The sisters were already three houses down as no one had answered at their first house.

"Hey man, let me try the next one, huh?"

"Don't be absurd," Ted snorted, trying to retain the upper hand (although it was obvious that in Paul's mind he had already lost it).

Paul turned into the second house from the corner and Ted stopped him. "They just took that one, aren't you paying attention?"

"Huh?"

"We're working every other house. The sisters are getting the alternate ones.

Paul looked dumbly down the block, "How'd they get so far ahead of us?"

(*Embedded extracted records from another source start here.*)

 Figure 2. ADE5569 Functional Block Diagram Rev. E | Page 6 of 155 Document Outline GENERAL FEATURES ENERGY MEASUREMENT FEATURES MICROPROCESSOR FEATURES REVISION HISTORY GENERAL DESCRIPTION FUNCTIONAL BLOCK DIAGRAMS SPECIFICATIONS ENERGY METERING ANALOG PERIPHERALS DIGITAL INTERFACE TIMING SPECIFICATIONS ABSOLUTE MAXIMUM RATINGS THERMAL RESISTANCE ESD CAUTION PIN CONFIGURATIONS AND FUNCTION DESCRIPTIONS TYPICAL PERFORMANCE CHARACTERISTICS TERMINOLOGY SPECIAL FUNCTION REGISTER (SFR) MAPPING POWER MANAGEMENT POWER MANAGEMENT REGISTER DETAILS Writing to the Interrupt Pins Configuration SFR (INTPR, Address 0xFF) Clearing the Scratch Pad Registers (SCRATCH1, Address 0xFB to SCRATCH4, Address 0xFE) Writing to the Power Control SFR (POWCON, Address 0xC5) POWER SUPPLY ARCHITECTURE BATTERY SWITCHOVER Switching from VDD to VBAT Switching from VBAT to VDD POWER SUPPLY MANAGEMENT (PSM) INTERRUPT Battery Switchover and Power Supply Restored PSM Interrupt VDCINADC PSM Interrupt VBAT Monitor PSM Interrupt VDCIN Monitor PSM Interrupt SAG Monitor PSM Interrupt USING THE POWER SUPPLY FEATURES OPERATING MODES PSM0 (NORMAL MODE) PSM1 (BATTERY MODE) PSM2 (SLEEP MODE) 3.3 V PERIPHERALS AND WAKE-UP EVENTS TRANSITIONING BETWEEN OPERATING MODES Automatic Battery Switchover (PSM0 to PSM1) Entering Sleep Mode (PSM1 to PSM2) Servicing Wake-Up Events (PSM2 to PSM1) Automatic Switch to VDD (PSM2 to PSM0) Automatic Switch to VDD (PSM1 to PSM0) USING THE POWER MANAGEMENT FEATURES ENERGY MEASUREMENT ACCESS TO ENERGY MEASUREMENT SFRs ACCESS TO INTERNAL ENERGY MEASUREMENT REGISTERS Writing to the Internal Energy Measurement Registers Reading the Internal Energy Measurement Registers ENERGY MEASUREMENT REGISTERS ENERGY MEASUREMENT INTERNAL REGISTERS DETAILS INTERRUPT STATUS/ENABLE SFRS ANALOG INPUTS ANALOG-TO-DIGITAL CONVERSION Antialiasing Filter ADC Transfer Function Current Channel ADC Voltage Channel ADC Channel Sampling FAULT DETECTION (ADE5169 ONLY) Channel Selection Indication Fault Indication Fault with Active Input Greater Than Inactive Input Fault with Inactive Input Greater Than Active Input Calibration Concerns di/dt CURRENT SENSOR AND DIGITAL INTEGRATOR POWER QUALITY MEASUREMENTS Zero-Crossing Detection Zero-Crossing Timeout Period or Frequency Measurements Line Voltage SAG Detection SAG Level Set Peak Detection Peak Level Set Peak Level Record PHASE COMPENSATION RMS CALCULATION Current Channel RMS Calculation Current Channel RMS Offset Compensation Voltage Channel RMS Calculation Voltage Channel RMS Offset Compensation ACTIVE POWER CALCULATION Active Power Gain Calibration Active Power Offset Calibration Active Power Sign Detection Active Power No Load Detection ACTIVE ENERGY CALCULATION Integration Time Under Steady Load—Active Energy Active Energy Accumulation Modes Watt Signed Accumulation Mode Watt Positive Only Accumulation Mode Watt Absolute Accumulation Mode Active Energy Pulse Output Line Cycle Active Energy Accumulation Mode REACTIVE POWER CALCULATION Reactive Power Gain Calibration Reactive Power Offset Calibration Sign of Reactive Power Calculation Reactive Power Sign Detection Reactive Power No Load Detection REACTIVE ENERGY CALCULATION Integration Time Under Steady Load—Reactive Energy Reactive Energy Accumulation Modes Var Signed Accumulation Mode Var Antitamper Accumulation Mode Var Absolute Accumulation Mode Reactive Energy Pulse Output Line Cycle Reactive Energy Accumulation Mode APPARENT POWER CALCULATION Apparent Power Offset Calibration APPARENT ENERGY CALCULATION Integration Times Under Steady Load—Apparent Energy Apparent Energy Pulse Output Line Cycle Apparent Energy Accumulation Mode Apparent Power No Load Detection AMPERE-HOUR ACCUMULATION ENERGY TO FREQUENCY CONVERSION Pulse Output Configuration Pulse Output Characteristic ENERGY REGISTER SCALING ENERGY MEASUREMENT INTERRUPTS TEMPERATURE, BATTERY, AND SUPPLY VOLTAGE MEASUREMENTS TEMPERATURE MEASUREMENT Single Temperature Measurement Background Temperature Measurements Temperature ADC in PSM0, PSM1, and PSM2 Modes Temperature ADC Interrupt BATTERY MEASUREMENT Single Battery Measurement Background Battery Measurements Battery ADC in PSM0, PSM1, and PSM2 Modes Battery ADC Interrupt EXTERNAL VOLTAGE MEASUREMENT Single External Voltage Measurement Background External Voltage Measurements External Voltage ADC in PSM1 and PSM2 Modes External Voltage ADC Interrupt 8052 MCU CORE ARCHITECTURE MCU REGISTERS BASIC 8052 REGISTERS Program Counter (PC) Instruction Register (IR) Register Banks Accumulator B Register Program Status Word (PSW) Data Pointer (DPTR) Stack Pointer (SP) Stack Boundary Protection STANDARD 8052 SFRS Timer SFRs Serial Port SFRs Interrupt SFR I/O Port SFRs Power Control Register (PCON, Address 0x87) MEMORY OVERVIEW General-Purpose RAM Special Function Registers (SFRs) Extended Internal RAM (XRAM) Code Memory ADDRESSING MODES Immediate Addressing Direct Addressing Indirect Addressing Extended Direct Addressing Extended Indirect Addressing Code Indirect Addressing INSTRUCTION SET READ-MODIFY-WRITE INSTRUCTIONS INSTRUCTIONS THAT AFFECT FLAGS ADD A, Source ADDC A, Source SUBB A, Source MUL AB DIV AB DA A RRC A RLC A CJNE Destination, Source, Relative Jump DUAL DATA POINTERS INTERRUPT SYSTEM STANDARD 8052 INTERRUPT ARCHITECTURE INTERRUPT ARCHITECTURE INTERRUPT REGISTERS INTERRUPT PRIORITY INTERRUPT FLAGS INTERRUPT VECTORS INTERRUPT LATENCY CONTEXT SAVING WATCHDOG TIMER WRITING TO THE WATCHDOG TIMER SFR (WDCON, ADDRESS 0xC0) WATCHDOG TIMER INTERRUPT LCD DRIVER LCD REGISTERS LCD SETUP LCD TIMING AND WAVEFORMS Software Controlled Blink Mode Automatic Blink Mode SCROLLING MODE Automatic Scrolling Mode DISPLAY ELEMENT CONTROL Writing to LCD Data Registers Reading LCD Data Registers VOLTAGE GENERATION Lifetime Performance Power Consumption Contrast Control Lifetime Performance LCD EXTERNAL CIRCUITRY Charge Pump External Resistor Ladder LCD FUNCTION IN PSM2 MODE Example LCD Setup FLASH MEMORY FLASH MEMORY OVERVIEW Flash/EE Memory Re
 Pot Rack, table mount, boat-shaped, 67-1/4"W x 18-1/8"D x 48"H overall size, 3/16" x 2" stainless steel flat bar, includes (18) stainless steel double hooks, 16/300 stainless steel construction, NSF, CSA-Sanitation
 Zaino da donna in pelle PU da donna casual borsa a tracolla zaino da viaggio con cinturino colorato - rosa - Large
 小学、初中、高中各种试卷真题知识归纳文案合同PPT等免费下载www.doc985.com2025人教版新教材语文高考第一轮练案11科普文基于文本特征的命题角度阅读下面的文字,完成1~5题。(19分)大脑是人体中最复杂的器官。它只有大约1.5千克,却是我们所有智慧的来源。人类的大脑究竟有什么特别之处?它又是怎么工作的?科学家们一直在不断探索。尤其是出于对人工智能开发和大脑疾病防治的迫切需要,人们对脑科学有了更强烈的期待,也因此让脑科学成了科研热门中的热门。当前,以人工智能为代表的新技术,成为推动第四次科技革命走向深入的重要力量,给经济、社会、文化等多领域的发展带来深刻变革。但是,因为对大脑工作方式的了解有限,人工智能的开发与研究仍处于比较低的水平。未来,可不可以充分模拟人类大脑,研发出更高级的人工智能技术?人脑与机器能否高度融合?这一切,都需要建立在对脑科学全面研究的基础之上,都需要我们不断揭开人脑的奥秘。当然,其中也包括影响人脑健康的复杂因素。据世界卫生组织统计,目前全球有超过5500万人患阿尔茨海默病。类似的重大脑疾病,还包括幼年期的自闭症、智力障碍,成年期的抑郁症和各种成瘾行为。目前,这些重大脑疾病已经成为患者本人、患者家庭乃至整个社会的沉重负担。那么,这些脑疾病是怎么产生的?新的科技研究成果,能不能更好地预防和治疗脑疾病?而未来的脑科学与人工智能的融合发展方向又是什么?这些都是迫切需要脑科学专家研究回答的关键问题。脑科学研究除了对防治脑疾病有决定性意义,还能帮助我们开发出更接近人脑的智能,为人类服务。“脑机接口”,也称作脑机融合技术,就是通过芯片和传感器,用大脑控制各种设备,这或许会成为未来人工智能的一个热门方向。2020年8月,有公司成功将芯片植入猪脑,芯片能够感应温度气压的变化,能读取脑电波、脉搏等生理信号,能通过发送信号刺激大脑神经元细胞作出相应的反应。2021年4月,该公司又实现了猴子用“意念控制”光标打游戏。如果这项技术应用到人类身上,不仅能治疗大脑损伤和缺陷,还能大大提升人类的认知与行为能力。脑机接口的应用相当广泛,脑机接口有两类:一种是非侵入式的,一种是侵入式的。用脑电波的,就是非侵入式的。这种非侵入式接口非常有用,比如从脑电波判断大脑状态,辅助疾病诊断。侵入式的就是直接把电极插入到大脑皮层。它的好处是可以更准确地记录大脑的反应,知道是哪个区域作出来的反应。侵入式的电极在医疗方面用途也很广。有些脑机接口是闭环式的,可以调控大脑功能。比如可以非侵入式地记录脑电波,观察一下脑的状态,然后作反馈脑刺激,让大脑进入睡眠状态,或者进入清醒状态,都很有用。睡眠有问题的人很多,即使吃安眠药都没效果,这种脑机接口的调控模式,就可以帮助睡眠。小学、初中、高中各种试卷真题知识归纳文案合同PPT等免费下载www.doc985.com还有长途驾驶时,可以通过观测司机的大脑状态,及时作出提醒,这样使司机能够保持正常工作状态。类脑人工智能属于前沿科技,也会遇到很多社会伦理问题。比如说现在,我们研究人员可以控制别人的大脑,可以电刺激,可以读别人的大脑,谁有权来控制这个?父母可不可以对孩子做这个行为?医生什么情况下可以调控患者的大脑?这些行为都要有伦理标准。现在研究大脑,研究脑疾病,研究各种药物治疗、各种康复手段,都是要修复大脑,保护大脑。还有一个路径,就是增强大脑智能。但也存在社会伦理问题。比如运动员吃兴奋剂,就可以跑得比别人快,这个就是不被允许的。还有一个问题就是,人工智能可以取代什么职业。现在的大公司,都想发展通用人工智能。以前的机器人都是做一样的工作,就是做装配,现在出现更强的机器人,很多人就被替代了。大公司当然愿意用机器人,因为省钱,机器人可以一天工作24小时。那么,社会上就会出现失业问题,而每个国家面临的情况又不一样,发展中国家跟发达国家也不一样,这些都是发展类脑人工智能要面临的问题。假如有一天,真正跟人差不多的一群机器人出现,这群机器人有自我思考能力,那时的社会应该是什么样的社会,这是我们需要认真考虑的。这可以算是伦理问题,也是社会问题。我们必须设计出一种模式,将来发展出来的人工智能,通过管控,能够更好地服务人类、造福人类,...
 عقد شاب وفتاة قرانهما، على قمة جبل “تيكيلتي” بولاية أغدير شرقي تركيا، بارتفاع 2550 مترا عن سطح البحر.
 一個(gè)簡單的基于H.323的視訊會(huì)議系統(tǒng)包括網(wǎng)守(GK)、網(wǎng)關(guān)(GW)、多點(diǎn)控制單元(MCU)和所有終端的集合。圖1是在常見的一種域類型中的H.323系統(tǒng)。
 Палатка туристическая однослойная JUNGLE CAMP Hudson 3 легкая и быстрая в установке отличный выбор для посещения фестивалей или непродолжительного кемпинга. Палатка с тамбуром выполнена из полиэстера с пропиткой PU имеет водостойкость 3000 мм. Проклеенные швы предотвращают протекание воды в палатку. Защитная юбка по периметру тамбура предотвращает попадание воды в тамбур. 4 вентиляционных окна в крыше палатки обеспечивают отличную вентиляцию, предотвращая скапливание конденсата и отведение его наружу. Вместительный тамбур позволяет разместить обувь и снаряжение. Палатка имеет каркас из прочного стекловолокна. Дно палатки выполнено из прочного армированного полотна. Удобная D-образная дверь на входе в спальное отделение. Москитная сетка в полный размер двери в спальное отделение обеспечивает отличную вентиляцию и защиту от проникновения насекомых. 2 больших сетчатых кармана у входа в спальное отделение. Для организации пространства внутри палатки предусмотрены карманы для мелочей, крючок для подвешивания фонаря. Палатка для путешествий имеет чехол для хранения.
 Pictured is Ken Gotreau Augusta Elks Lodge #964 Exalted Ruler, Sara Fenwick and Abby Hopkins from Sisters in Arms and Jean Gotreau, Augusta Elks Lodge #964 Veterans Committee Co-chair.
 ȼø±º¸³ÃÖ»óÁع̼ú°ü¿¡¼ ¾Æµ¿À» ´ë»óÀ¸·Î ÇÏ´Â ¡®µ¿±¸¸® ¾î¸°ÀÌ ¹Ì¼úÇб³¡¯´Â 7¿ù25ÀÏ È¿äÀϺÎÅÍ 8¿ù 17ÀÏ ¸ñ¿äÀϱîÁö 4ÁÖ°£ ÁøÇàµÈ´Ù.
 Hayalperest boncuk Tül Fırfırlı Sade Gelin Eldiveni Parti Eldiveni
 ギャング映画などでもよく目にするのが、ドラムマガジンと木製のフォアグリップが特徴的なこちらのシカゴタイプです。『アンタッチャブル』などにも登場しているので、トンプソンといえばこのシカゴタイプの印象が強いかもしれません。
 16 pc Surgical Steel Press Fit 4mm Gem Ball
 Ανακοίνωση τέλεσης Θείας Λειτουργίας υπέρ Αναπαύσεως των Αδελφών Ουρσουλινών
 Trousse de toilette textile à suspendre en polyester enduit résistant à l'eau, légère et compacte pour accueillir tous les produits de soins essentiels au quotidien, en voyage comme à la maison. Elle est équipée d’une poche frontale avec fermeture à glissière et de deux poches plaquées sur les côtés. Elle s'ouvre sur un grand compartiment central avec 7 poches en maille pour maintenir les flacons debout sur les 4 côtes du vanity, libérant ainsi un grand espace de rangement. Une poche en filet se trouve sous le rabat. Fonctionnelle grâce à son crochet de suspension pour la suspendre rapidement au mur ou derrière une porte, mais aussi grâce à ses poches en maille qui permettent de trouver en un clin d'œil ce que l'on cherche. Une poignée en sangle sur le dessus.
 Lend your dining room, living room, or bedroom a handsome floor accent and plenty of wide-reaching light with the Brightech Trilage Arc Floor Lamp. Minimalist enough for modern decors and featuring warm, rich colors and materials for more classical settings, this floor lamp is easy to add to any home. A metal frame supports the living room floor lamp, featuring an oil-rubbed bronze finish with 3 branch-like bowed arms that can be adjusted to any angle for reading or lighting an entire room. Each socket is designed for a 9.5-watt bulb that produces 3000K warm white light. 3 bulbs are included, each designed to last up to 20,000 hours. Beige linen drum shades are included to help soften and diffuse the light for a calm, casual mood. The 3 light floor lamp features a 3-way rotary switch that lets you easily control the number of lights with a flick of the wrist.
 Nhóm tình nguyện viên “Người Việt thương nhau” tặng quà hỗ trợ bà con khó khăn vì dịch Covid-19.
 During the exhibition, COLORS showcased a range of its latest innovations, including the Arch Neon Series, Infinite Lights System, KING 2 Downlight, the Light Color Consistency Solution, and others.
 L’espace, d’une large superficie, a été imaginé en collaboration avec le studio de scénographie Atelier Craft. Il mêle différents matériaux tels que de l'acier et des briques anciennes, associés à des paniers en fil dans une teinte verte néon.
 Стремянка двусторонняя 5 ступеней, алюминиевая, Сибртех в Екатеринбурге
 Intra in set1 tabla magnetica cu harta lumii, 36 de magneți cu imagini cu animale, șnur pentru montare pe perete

"Mostly because they don't stop to ask stupid questions." Ted felt himself losing control again, and quickly steadied himself verbally. "Patience, patience, he's not in the Truth; you've got to have patience," he said as though thinking to himself aloud. "The second reason is that no one was home here, so they didn't have to waste time talking to a disinterested goat like we did."

Paul ignored the goat reference; he was peering intently at the porch window of the house before him. "Hey, man, I see somebody in there. What're you sayin' nobody's home for? Let's take it."

There was indeed someone home, as Ted could now see. The woman, trying to peek from behind the drapes unseen, now realized that she'd been spotted. Feeling somewhat foolish for having hidden, she opened up the door before Paul had even reached it.

"Yes?" she said, and seeming to take fright, pulled the door closer to her again so that just her head stuck out.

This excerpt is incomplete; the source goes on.